A New Jersey financial advisor and insurance agent pleaded guilty to stealing $1.5 million from 21 clients, most of whom were senior citizens. Over a period of several years, the advisor sold life insurance, annuities and mutual funds to older clients. However, he never turned over their contributions to the insurance or investment companies, instead using them for his own purposes. When clients began to complain about their missing money, he asked them not to talk to police. Charged with theft and witness tampering, he now faces up to 10 years in prison and must pay restitution.

A California Asian-American has given new meaning to the term “funeral insurance.” That’s because he — and an accomplice — devised a scam in which he collected money from 300 Asian families in order to pay for funerals when older relatives died. According to authorities, many of the families paid “fees” of $35 per month for years, but then never received benefits when their relative died. The advisor, who ultimately swindled families out of $200,000, faces felony embezzlement charges.
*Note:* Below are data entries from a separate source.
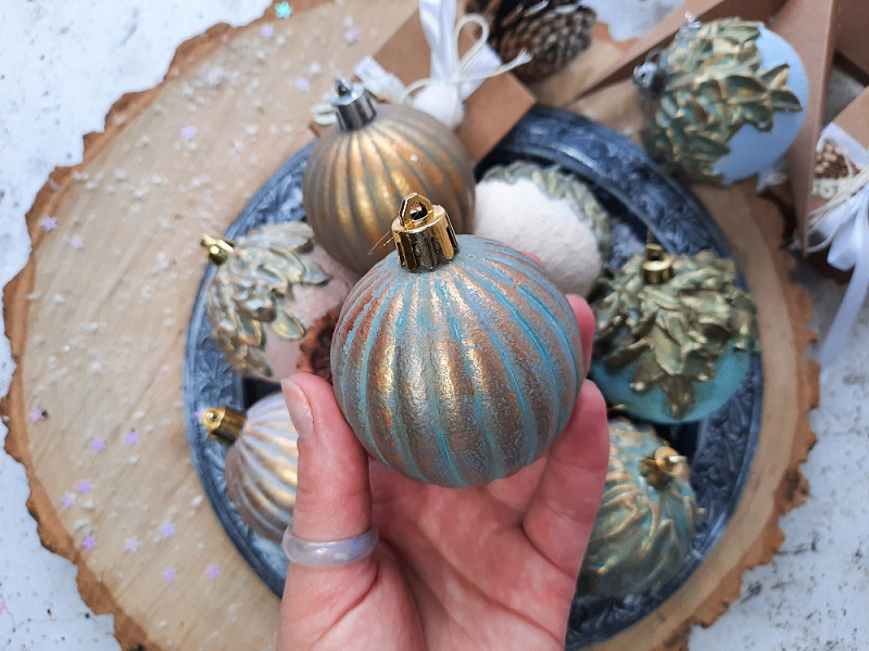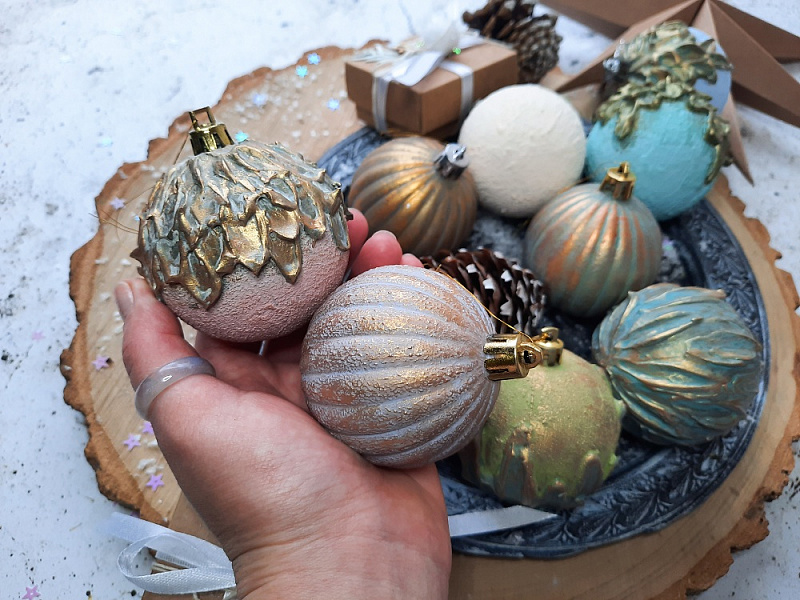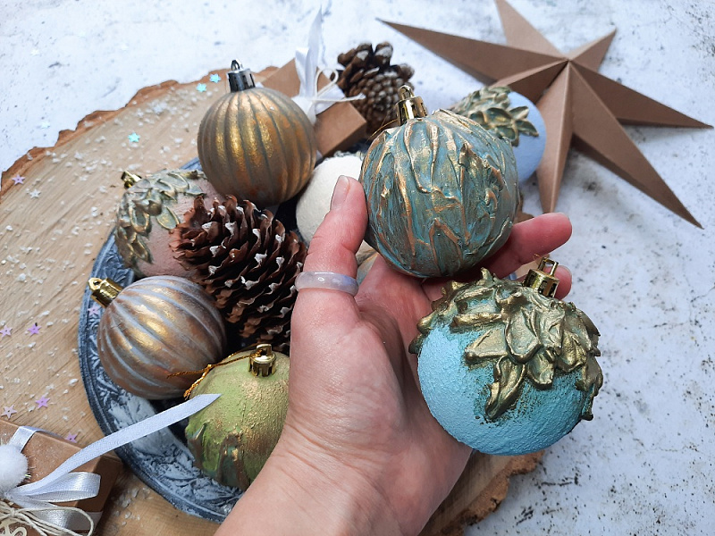 Теги: винтажный декор, деко акрил, металлики, новогодний декор, текстурная паста, шебби велюр
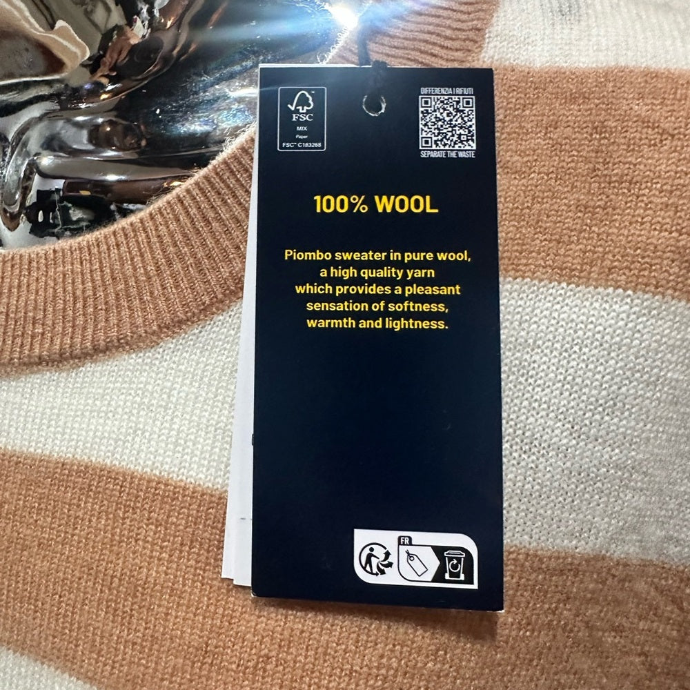 NWT SIZE L Piombo Women's Tan and Cream Striped Sweater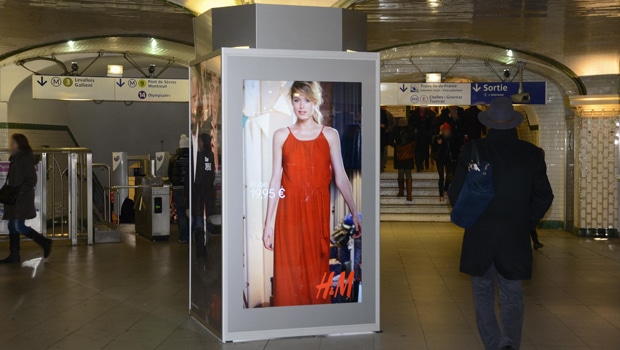 Du 29 novembre au 26 décembre 2013, la salle de la rotonde est habillée aux couleurs de la célèbre marque de prêt à porter : les 8 piliers de la salle bénéficient d’un adhésivage rétroéclairé et 4 écrans digitaux 80 pouces diffusent les silhouettes de la collection Hiver H&M. Un dispositif exceptionnel mêlant digital et adhésivage avec succès !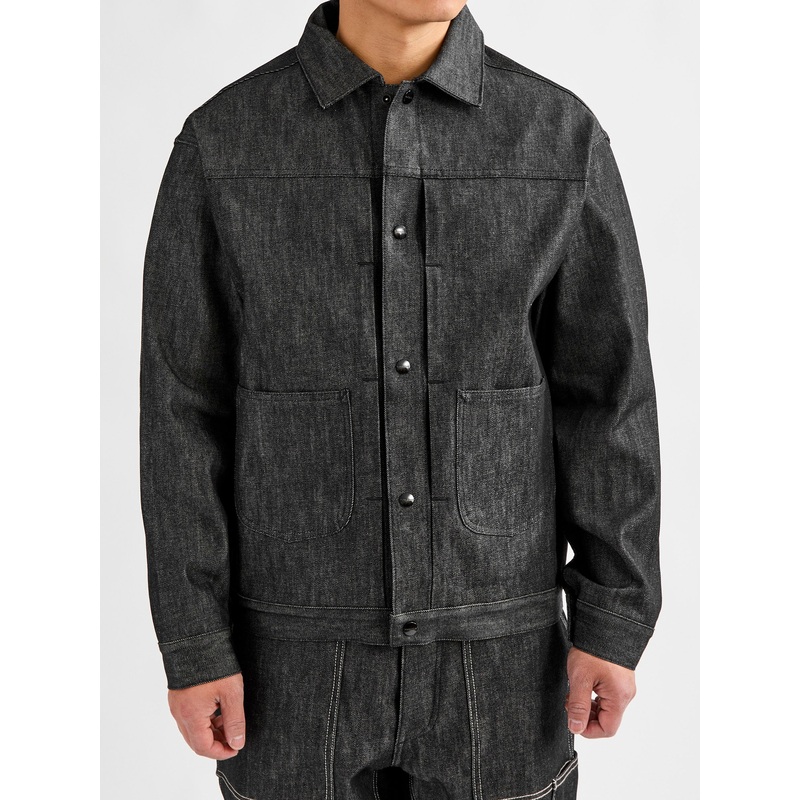 • Presenting a unique blend of American workwear and contemporary gardening, Sassafras’s Gardeners Jacket comes cut in a relaxed fit, pleated jacket design, fitted with an array of pockets. The jacket is sewn using a slub textured 13oz Japanese denim fabric in a modified Type-2 silhouette. Highly detailed, the jacket is fitted with custom metal snap buttons, patch pocket at the waist, selvedge detailing, double needle construction, and bartack reinforcement throughout.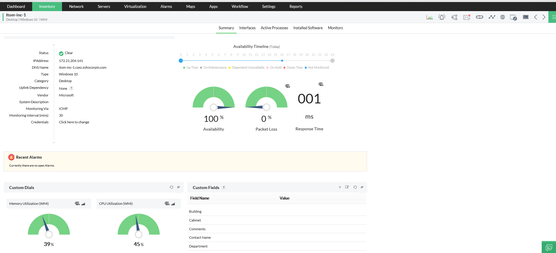 Ya que cada minuto de inactividad puede costarle miles, o millones de dólares, es crucial mantener la disponibilidad en todo momento. OpManager hace ping a todos los dispositivos monitoreados en los intervalos definidos, y si algún dispositivo está inactivo o si el tiempo de respuesta o la pérdida de paquetes son demasiado extensos, OpManager lo notificará de inmediato por medio de un correo electrónico o mensaje de texto.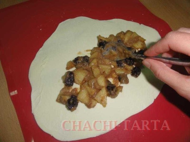 Cuando la manzana haya cogido color retira del fuego y deja enfriar a temperatura ambiente. Mientras tanto extiende la masa de hojaldre (yo he usado recortes de masa de hojaldre sin gluten de ADPAN) sobre una hoja de papel vegetal o alfombrilla de silicona y con ayuda de un rodillo estírala de modo que quede más fina y coloca la manzana por encima, unta los bordes con huevo batido y dobla para sellar.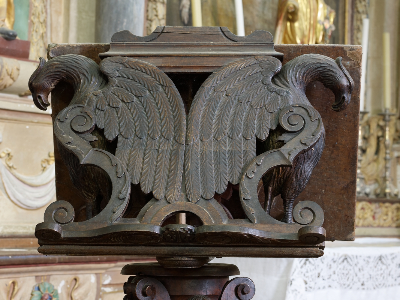 Prat, le bourg : église paroissiale Saint-Pierre, vue intérieure, lutrinImmatriculation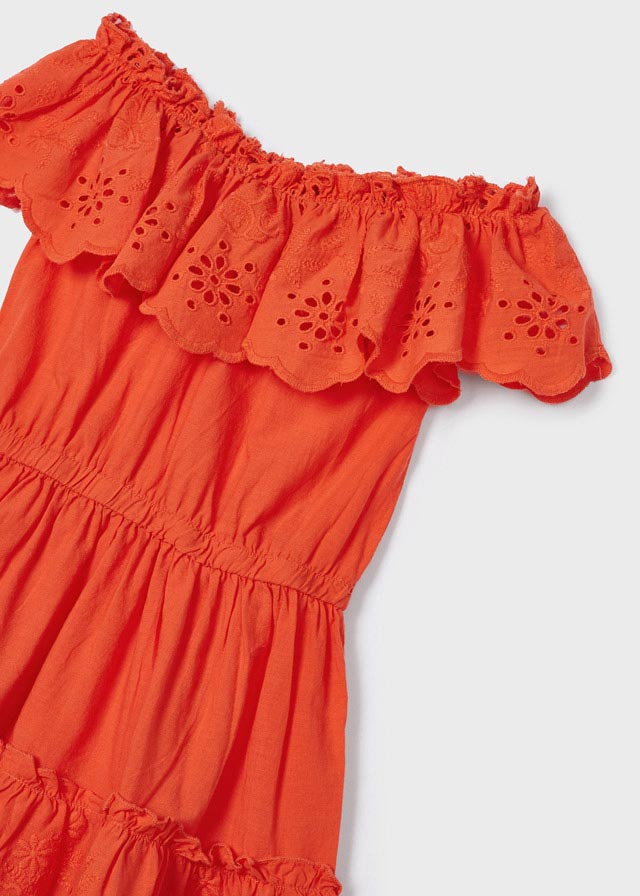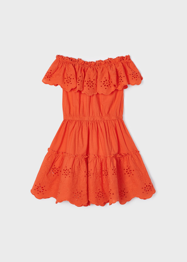 MAYORAL 3929-88 Sukienka z ażurem z bawełny dla dziewczynki MINI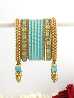 Introducing our 18 PC Gold Tone Turquoise Bangle Set, a beautiful fusion of elegance and traditional design. This exquisite set is crafted with simulated Polki bangles, faux pearls, and stones, offering a luxurious touch to any outfit. Note: This set is for one hand only.

Two Texas advisors have been sentenced to 10 years in prison in connection with a $30-million Ponzi scheme built around life settlement sales. The two recruited local insurance agents to promote the offerings, who received more than $4 million in commissions even though they were not securities licensed. According to authorities, the duo approached active and retired state employees and teachers with an offering to invest in life settlements, using their state retirement funds. Claiming they had access to billions of dollars from the Federal Reserve to fund life policy purchases, they never purchased the policies. Instead, they devised a Ponzi scheme in which earlier investors generated returns for later investors.